Embeddings of the "New Massive Gravity"

TL;DR

This paper explores various embeddings of the equations of motion for New Massive Gravity, revealing a new scalar-tensor model that is ghost-free and Weyl invariant at linear level, with implications for nonlinear completions and nonlocal modifications.

Contribution

It introduces a novel scalar-tensor model for massive gravitons that is ghost-free and Weyl invariant, expanding the understanding of embeddings of NMG equations.

Findings

A sixth order derivative model with ghosts from Noether gauge embedding.

A new scalar-tensor model that is ghost-free and Weyl invariant at linear level.

Proof that no local, ghost-free embedding exists for linearized NMG equations in terms of one symmetric tensor.

Abstract

Using different types of embeddings of equations of motion we investigate the existence of generalizations of the "New Massive Gravity" (NMG) model with the same particle content (massive gravitons). By using the Weyl symmetry as a guiding principle for the embeddings we show that the Noether gauge embedding approach leads us to a sixth order model in derivatives with either a massive or a massless ghost.
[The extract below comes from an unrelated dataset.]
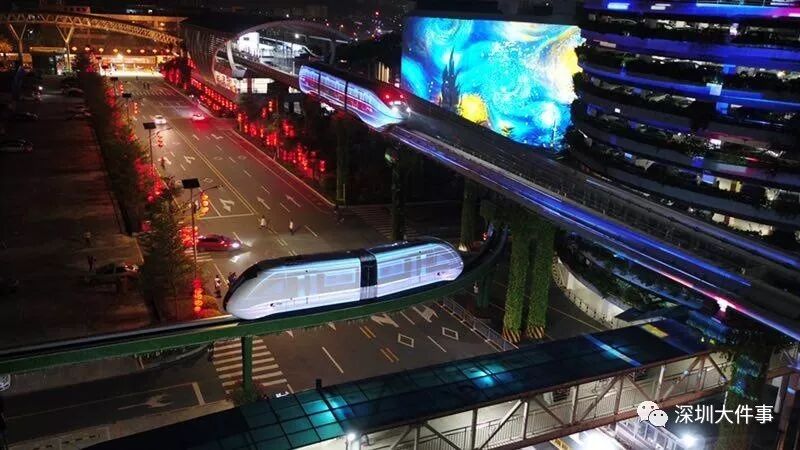 霓虹闪耀的城市,两条动感的空中列车交错驶出,未来感与科技感扑面而来——科幻电影大片中才有的“未来城市”图景,画面中在楼宇间自由穿梭的,其实是比亚迪自主研发的中小运量轨道交通产品,云轨和云巴。

If the Weyl symmetry is implemented by means of a Stueckelberg field we obtain a new scalar-tensor model for massive gravitons. It is ghost free and Weyl invariant at linearized level. The model can be nonlinearly completed into a scalar field coupled to the NMG theory. The elimination of the scalar field leads to a nonlocal modification of the NMG. We also prove to all orders in derivatives that there is no local, ghost free embedding of the linearized NMG equations of motion around Minkowski space when written in terms of one symmetric tensor. Regarding that point, NMG differs from the Fierz-Pauli theory, since in later case we can replace the Einstein-Hilbert action by specific $f(R,\Box\, R)$ generalizations and still keep the theory ghost free at linearized level.